La Hermandad Sacramental de Ánimas y Archicofradía del Señor de la Santa Vera Cruz, Nuestra Señora de la Esperanza Coronada y San Juan Evangelista de Marchena ha difundido un comunicado en el que expresa su “más absoluta repulsa” por el «uso indebido de ritos y signos cristianos», por el uso de una cruz durante el pasacalles de Carnaval celebrado el domingo pasado, al considerar que se trata de una utilización “indebida” en un contexto “ajeno al sentido auténtico” de la fe.

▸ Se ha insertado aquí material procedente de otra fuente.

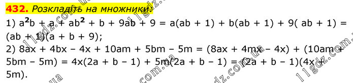 Розкладіть на множники: 1) a2b + a + ab2 + b + 9ab + 9 = a(ab + 1) + b(ab + 1) + 9( аb + 1) = (ab + 1)(a + b + 9); 2) 8ах + 4bх – 4х + 10аm + 5bm – 5m = (8ах + 4mх – 4х) + (10am + 5bm – 5m) = 4х(2a + b – 1) + 5m(2а + b – 1) = (2a + b – 1)(4х + 5m).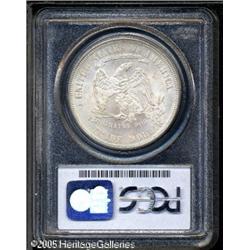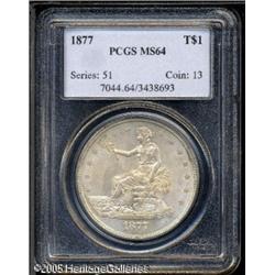 <B>1877 T$1 MS64 PCGS.</B></I> Satiny luster throughout and bathed in a blush of light gold toning. The strike typically soft at the periphery, with most of the stars lacking their central lines. the important central devices are sharp, including the feathers on the eagle. A very difficult coin to locate with so few signs of handling, and this one should suit most date collectors who demand lofty grades. Population: 53 in 64, 1 finer (1/05). Lot:7423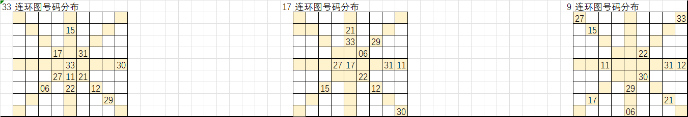 以上是遗漏大于16的号码分别在33、17、9连环图的分布,按照九转连环图选号规律,选取这些号码“环上”和“轴上”的相邻号码作为胆码,把这些胆码进行次数统计即可形成我们组号的排序,从出次多到少进行取号得出我们的大底。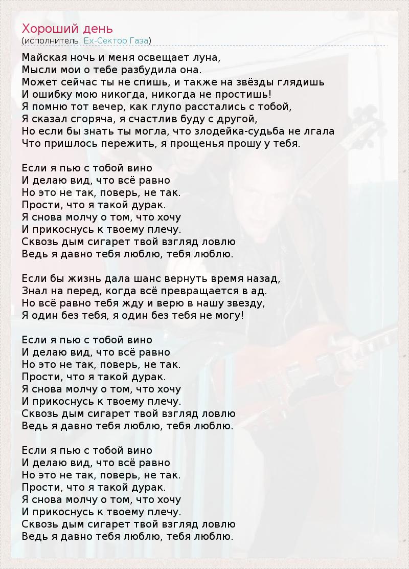 Майская ночь и меня освещает луна, Мысли мои о тебе разбудила она. Может сейчас ты не спишь, и также на звёзды глядишь И ошибку мою никогда, никогда не простишь! Я помню тот вечер, как глупо расстались с тобой, Я сказал сгоряча, я счастлив буду с другой, Но если бы знать ты могла, что злодейка-судьба не лгала Что пришлось пережить, я прощенья прошу у тебя. Если я пью с тобой вино И делаю вид, что всё равно Но это не так, поверь, не так. Прости, что я такой дурак. Я снова молчу о том, что хочу И прикоснусь к твоему плечу. Сквозь дым сигарет твой взгляд ловлю Ведь я давно тебя люблю, тебя люблю. Если бы жизнь дала шанс вернуть время назад, Знал на перед, когда всё превращается в ад. Но всё равно тебя жду и верю в нашу звезду, Я один без тебя, я один без тебя не могу! Если я пью с тобой вино И делаю вид, что всё равно Но это не так, поверь, не так. Прости, что я такой дурак. Я снова молчу о том, что хочу И прикоснусь к твоему плечу. Сквозь дым сигарет твой взгляд ловлю Ведь я давно тебя люблю, тебя люблю. Если я пью с тобой вино И делаю вид, что всё равно Но это не так, поверь, не так. Прости, что я такой дурак. Я снова молчу о том, что хочу И прикоснусь к твоему плечу. Сквозь дым сигарет твой взгляд ловлю Ведь я давно тебя люблю, тебя люблю.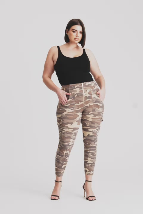 WRUP Cargo Fashion - High Waisted - 7/8 Length - Sand Camo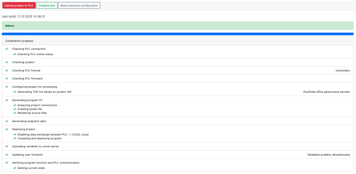 At this point project is configured and it is possible to try compilation, which verifies that all devices and services are configured as required. In menu "Compilation" click "Compile test". As soon as everything is done without any problems, it is possible to click "Upload project to PLC", which will create project on PLC including web interface.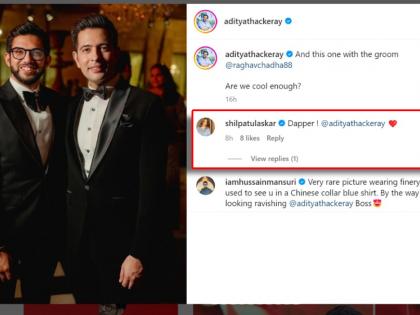परिणीती आणि राघव चड्ढा यांच्या लग्नातील या unseen फोटोने नेटकऱ्यांचं लक्ष वेधून घेतलं आहे. या फोटोवर चाहत्यांनी कमेंटही केल्या आहेत. पण, एका मराठी अभिनेत्रीने आदित्य यांच्या फोटोवर केलेली कमेंट चर्चेत आहे. मराठी अभिनेत्री शिल्पा तुळसकरने आदित्य आणि राघव यांच्या फोटोवर "Dapper" अशी कमेंट केली आहे. आदित्य ठाकरेंना टॅग करत शिल्पाने हार्ट इमोजीही पोस्ट केले आहेत.तिच्या या कमेंटने सगळ्यांचं लक्ष वेधून घेतलं आहे.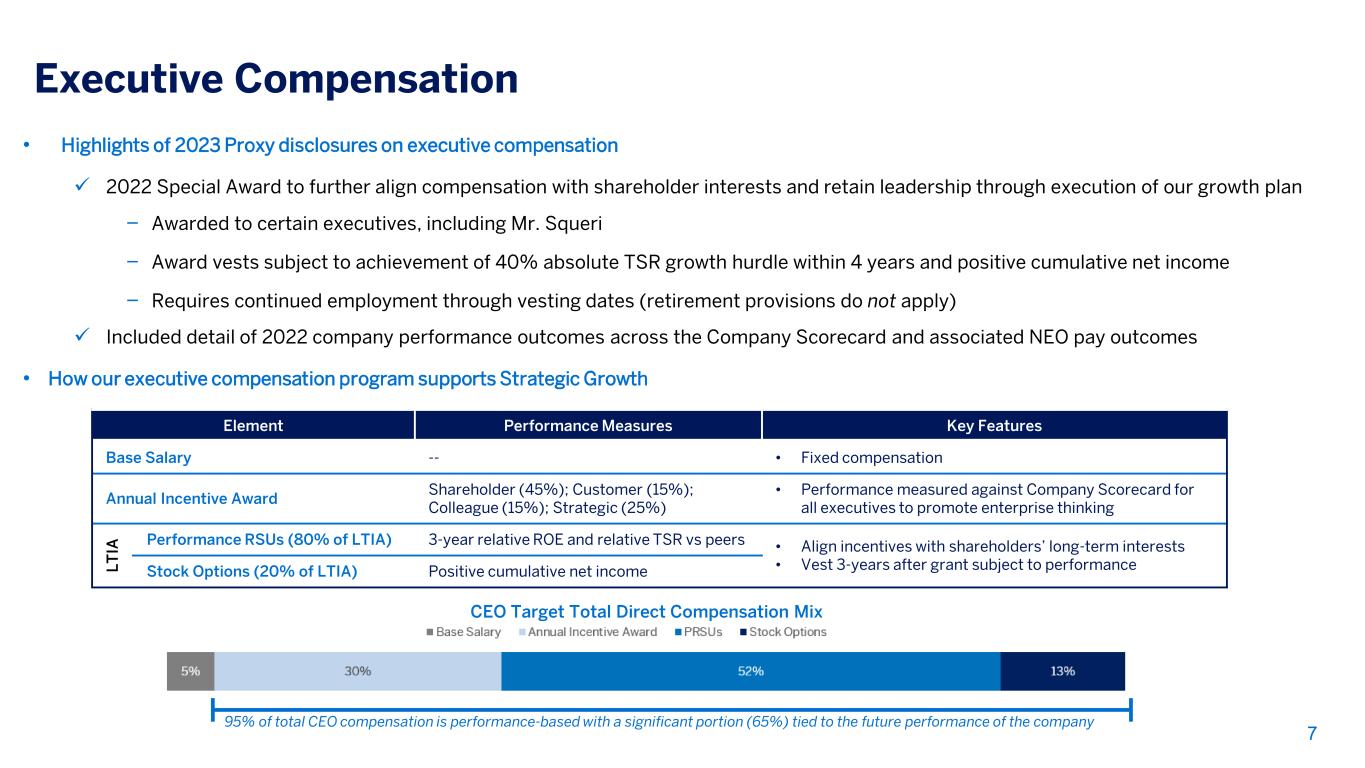 • Highlights of 2023 Proxy disclosures on executive compensation 2022 Special Award to further align compensation with shareholder interests and retain leadership through execution of our growth plan − Awarded to certain executives, including Mr. Squeri − Award vests subject to achievement of 40% absolute TSR growth hurdle within 4 years and positive cumulative net income − Requires continued employment through vesting dates (retirement provisions do not apply) Included detail of 2022 company performance outcomes across the Company Scorecard and associated NEO pay outcomes • How our executive compensation program supports Strategic Growth Executive Compensation Element Performance Measures Key Features Base Salary -- • Fixed compensation Annual Incentive Award Shareholder (45%); Customer (15%); Colleague (15%); Strategic (25%) • Performance measured against Company Scorecard for all executives to promote enterprise thinking LT IA Performance RSUs (80% of LTIA) 3-year relative ROE and relative TSR vs peers • Align incentives with shareholders’ long-term interests • Vest 3-years after grant subject to performanceStock Options (20% of LTIA) Positive cumulative net income CEO Target Total Direct Compensation Mix 95% of total CEO compensation is performance-based with a significant portion (65%) tied to the future performance of the company 7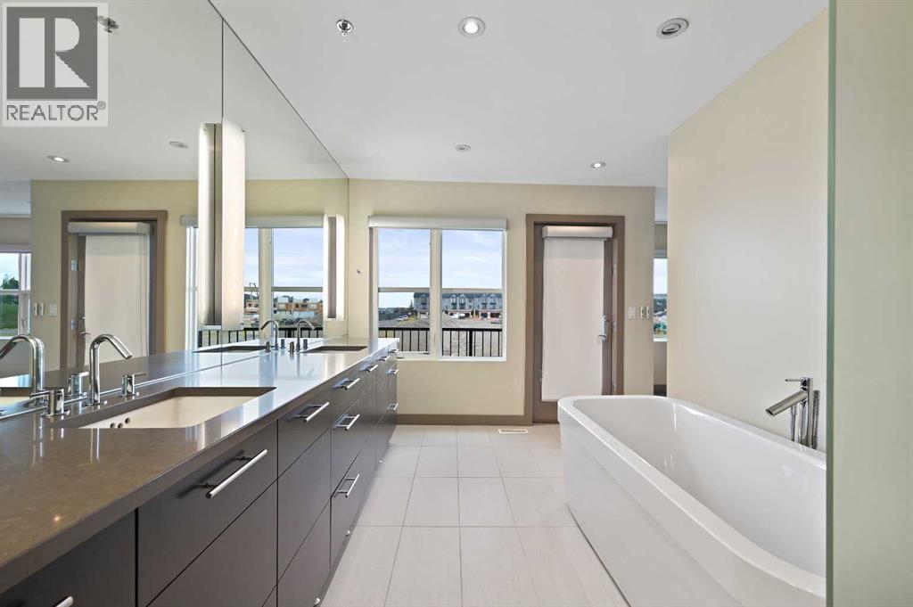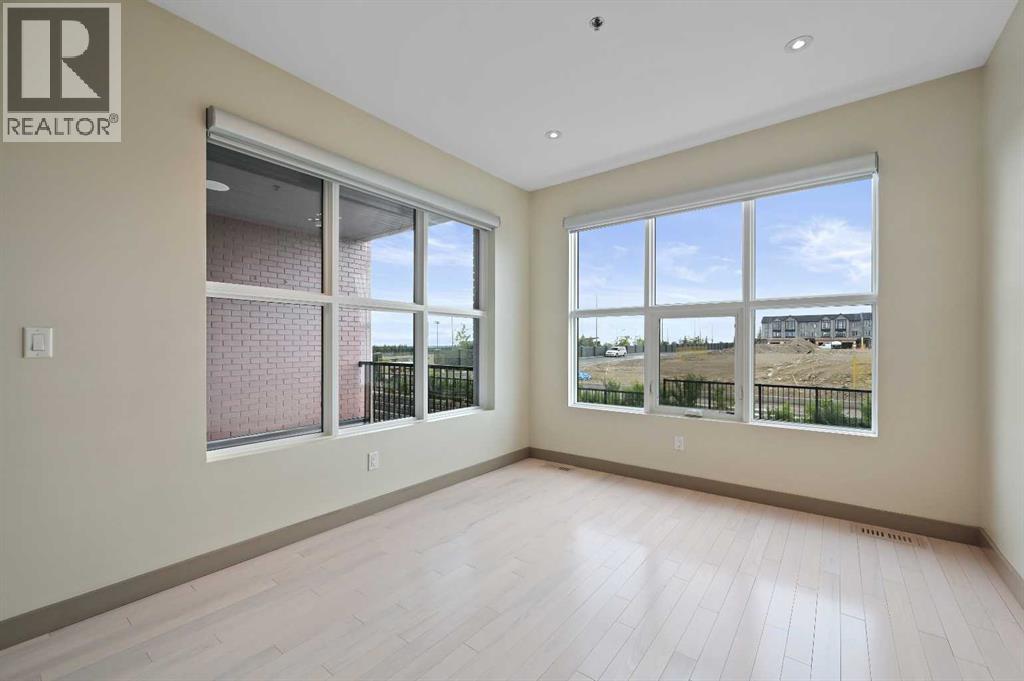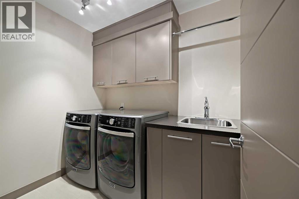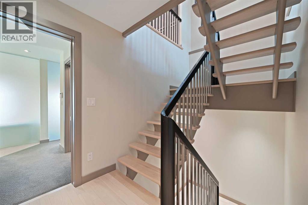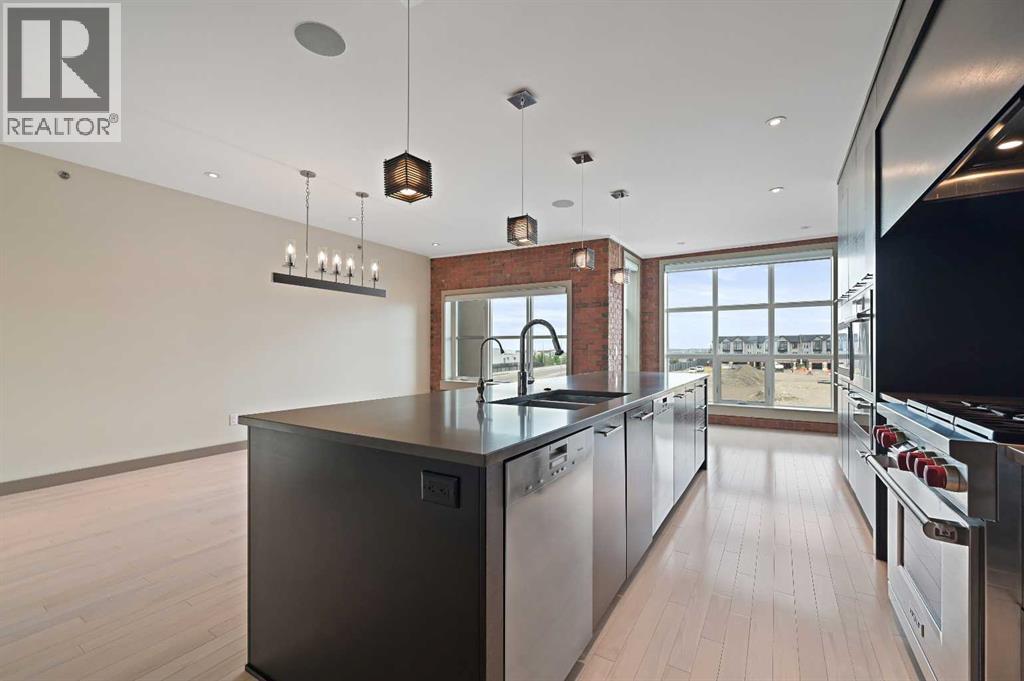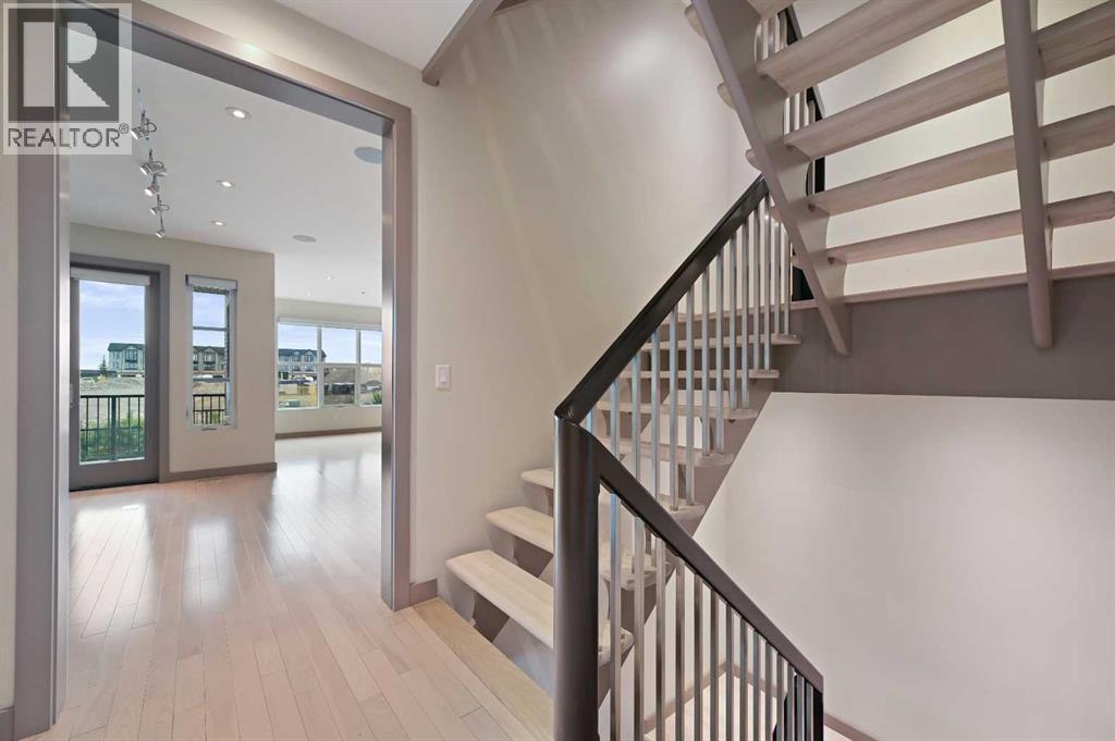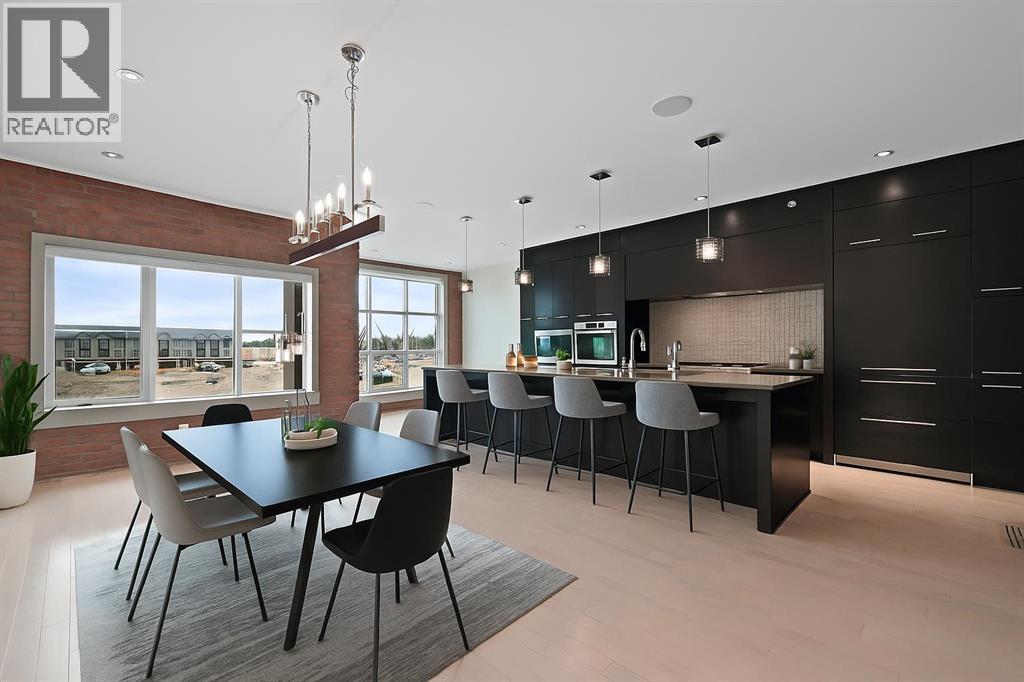 Welcome to 109 Aspen Meadows Hill, a luxury Manhattan Brownstone offering over 3,071 sqft of upscale living with one of the best locations in the complex—showcasing one of only 4 units in the complex with unobstructed views of the mountains, courtyard, and downtown skyline. This home has been meticulously upgraded with over $150,000 in high-end enhancements, creating a seamless blend of elegance, comfort, and smart functionality. Inside, you’ll find a Control4 sound system with in-ceiling speakers throughout the main living spaces and bedrooms, a reverse osmosis system, a water softener, and a smart doorbell with two-way audio and cameras at both front and rear. On the main level, a versatile front office or bedroom with built-ins, while the reconfigured family room includes premium appliances like a full-size fridge, Wolf microwave, Sub-Zero wine fridge, Miele dishwasher, and additional cabinetry—perfect for hosting. Double power blinds with blackout and sheer layers, designer light fixtures, and high-end finishes elevate every space, including a main floor bath with a modern designer sink and faucet. The kitchen impresses with two Miele dishwashers, a wall oven, warming drawer, custom tile backsplash, and striking island lighting. Upstairs, both bedrooms feature blackout + sheer blinds and track lighting, while the laundry room boasts full-size machines and upgraded lighting. The living room layout was reimagined to accommodate an 80” TV above the fireplace, with additional cabinetry added for symmetry and storage. A fully finished lower-level gym/storage space completes the home, along with elevator access featuring a built-in phone for peace of mind. The garage features full epoxy floors, high-end cabinets, and a workbench. This is a true lock-and-leave executive home for the buyer who values design, quality, and distinction in one of Calgary’s most desirable communities. (id:55577)

La corporación, que enmarca su pronunciamiento “en el legítimo ejercicio” de su libertad de expresión, sostiene que este tipo de actuaciones resultan “profundamente ofensivas” para los cristianos y suponen “una falta de respeto” hacia las creencias y los sentimientos religiosos. En el texto, la hermandad añade que “no todo amparado en la libertad de expresión puede justificarse cuando se vulneran de manera consciente y provocadora los sentimientos religiosos de los creyentes”.
El comunicado no identifica a una agrupación concreta ni detalla la autoría de la acción, pero vincula su rechazo directamente a la presencia y exhibición de la cruz en el desfile carnavalesco del domingo, que ha generado comentarios y reacciones en el municipio. La hermandad concluye reiterando su posición y apelando al respeto debido a los símbolos religiosos.
COMUNICADO
«La Antigua ,Fervorosa y Franciscana ,Hermandad Sacramental de Ánimas , Archicofradía del Señor de la Santa Vera Cruz , Nuestra Señora de la Esperanza Coronada y San Juan Evangelista , en el legítimo ejercicio de su libertad de expresión, desea manifestar su más absoluta repulsa ante el uso indebido de ritos y signos cristianos en manifestaciones y actos que nada tienen que ver con el sentido auténtico de nuestra fe y que resultan profundamente ofensivos para los cristianos. Consideramos que tales actuaciones suponen una falta de respeto hacia nuestras creencias y hacia los sentimientos religiosos de quienes profesamos la fe cristiana. No todo amparado en la libertad de expresión puede justificarse cuando se vulneran de manera consciente y provocadora los sentimientos religiosos de los creyentes».